I need help trying to set up an equation for this. I am not sure what I should use. could some one please point me in the right direction?

2. Jun 15, 2008

### konthelion

You need to set up two equations, one for the distance in the x direction, and one for the distance in the y direction.
Use the equation: $$x = x_0 + v_0 t + (1/2) a t^2$$ (this can be applied in the y direction as well)

3. Jun 15, 2008

### goaliejoe35

OK so would, x0= 0 and v0= 25.3 m/s? Also would t= 0.474s from the equation t=x/v = t=12/25.3 = 0.474s?

Last edited: Jun 15, 2008
4. Jun 15, 2008

### goaliejoe35

Wait I just confused myself even more. Is x equal to 12m? so plug that in and solve for t?

5. Jun 15, 2008

### konthelion

Ok, now set up the equation for the y-direction. Hint: What is the initial velocity in the y? Also what is the initial height in y?

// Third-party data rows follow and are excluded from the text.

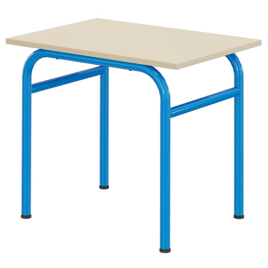 Cette table est à quatre pieds. Les pieds en tube acier, revêtu époxy sont fixés par vis au plateau, et sont soudés entre eux par soudure éléctrique pour une solidité optimale. Plateau mélaminé, chant ABS. Les pieds sont équipés d'embouts à talons, non-marquants et non-tachants. Il est possible d'ajouter en options un crochet porte cartable par personne.
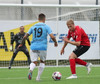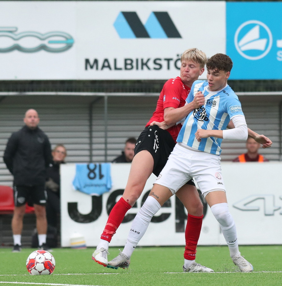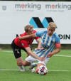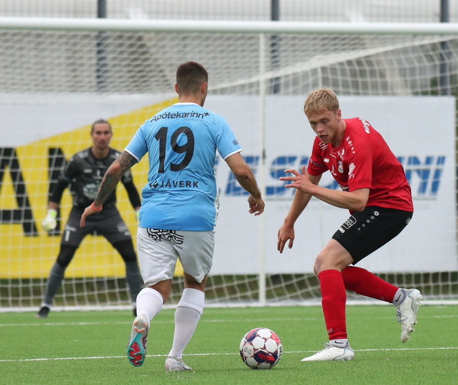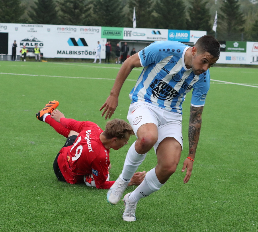 Gary fær boltann í gegn og klárar vel en Bergur Daði er búinn að lyfta flagginu.
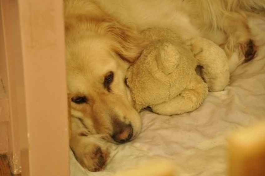Dit was wel een hele tijd geleden maar hier was ze zo moe ze pakte haar beer en ging in haar hok liggen van Romy&Kaya
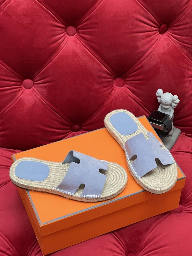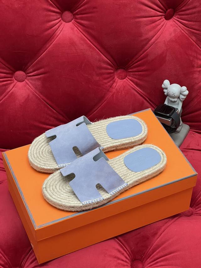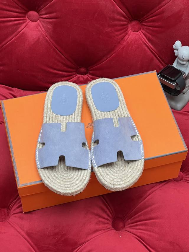 Exclusive Real Shot Top-Tier Version Hermes 25Ss Spring/Summer Newest Antigua Leather Straw Open-Toe Sandals - A Summer Must-Have! Experience the perfect combination of comfort and style in these sandals during the hot summer! Upper: Original cowhide leather with lychee grain. Insole: Original straw-woven cowhide. Outsole: Original genuine leather. Size: Men's 39-47, 45, 46, 47. Custom orders are non-refundable and non-exchangeable.
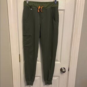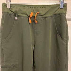 Experience comfort and style with these Figs green cargo pants, featuring a relaxed fit and a tapered leg design. The elastic waistband ensures a snug fit, while the ribbed cuffs add a modern touch. Ideal for both casual outings and everyday wear, these pants are a versatile addition to your wardrobe. Zipper on side pocket is broken. Please look closely at picture

What is the acceleration in this case?

Yeah, you want to find t because that's the time that it takes for it to reach 12m in the x-direction, then you can use that time and plug it back in the y-direction equation to find the height at time t. Then take the difference of that height with the height of the net, .9m

Last edited: Jun 15, 2008
6. Jun 15, 2008

### goaliejoe35

Would the initial velocity in the y be 0?

7. Jun 15, 2008

### konthelion

Yes. Then the initial $$y_{0}$$ would be the height in which the player served the ball, which would be? Then write out the equation and plug back in t.

8. Jun 15, 2008

### goaliejoe35

initial height would be 2.5 m

9. Jun 15, 2008

### goaliejoe35

so wold the equation look like this?

y=2.5+0+.5(9.8)(.437)^2
y=3.44m

then subtract the height of the net from that to get 2.54m?

10. Jun 15, 2008

### konthelion

Ok, then what would $$y = y_0 + v_0 t + (1/2) a t^2$$ be? a=acceleration due to gravity

Close, but no. In what direction is gravity in?

11. Jun 15, 2008

### goaliejoe35

what I did above ^ ??

12. Jun 15, 2008

### goaliejoe35

what do you mean? should it be negative?

13. Jun 15, 2008

### konthelion

Yes, it should since you took the distance 2.5m to be positive, then the direction of gravity is downwards, negative. Then you should get y=? Then the difference between the ball and the net is?

14. Jun 15, 2008

### goaliejoe35

y=2.5+0-.5(9.8)(.437)^2
y=1.56m

1.56-0.9= 0.66m above the net?

15. Jun 15, 2008

### konthelion

Wait, no. Check your time,t, again. It's not correct. Look at your second post

16. Jun 15, 2008

### goaliejoe35

The second post if wrong I think...

12=25.3t+4.9t^2 and solve for t and I get 0.437s

I don't think the way I did it in the second post is quite right.

17. Jun 15, 2008

### konthelion

What? Then how are you getting t?

Dude, you're confusing yourself. Why are you plugging in 12? 12m is the distance in the x direction. You are finding Y. You were doing just fine, you're just mixing up the x and the y.

This is absolutely wrong. There are NO acceleration in the x direction. Reread the entire thread.

Last edited: Jun 15, 2008
18. Jun 15, 2008

### goaliejoe35

from the equation x=x0+v0t+.5gt^2 plug in x=12 v0=25.3 and solve for t

19. Jun 15, 2008

### goaliejoe35

20. Jun 15, 2008

### konthelion

There are two equations
(1) $$y=2.5m-\frac{1}{2}(9.8m/s^2)(t)^2$$
(2) $$x=25.3m/s * t$$

You already solved for t, in (2) when x = 12. Now, plug it back into (1). Then, y would be?